Nevertheless, towards the end of the semester, I was looking forward to being in America, where I could walk down the street without turning even one brow, where honking the horn is the exception not the rule, and where there are sidewalks–usable, beautiful, sidewalks. America was once again the promised land, and my home, the most familiar place on earth, was now the object of my yearning.

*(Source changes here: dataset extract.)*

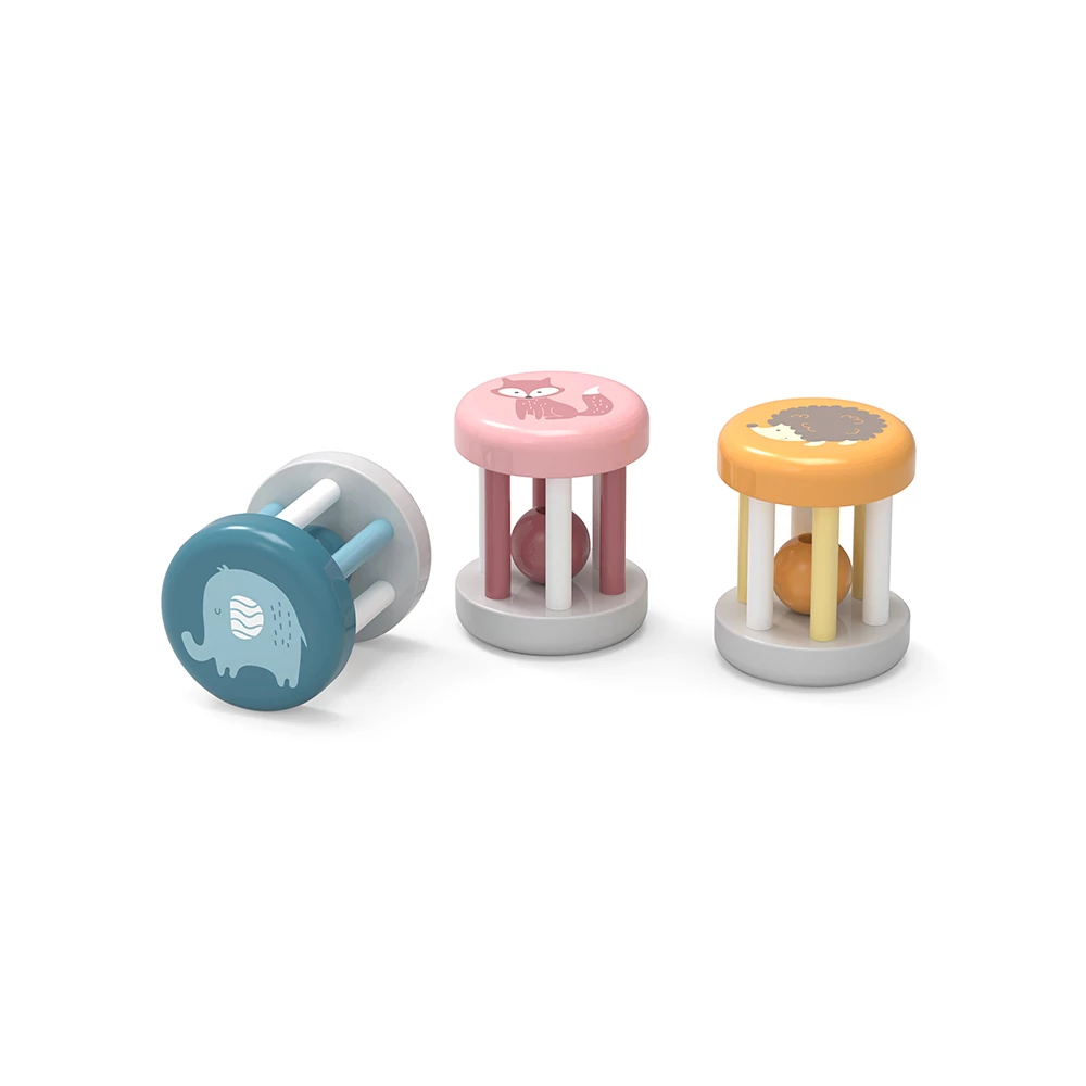 Halványszürke színű csörgő , az egyik első eszköz a babának gyakorló játékokhoz. A henger alakú csörgőben egy színes golyót rejtenek a rácsok. A csörgő nagyon könnyű és egyszerű a fogása.

Despite all this, as soon as I got off the airplane in Oklahoma City I remembered why I had wanted to escape. It’s not because I suddenly recalled how much I resent my dog or the fact my family only got a big screen tv as soon as I had left the country after waiting 18 years to upgrade. It’s not the annoying Central Plains female haircut or the cowboy boots that are as plentiful as Cairo street cats on a garbage pile.

It’s the fact I’m a wanted criminal. Forget all that sentimental mumbo-jumbo. I’m on the run and have been ever since my senior year in high school. After all that crazy revolutionary time in Egypt, I forgot the charges have not been dropped and that police officers with gravy still wet on their whistles will be hot on my tail as soon as I step foot inside my county, which I have already done.

So…thanks for the soup, Ma, and I hope you enjoy the cannolis since I won’t be coming back until some kind of computer virus destroys the record databases, expunging me of all crimes. PEACE!

Note: this is a joke. To my knowledge, I am not a wanted criminal.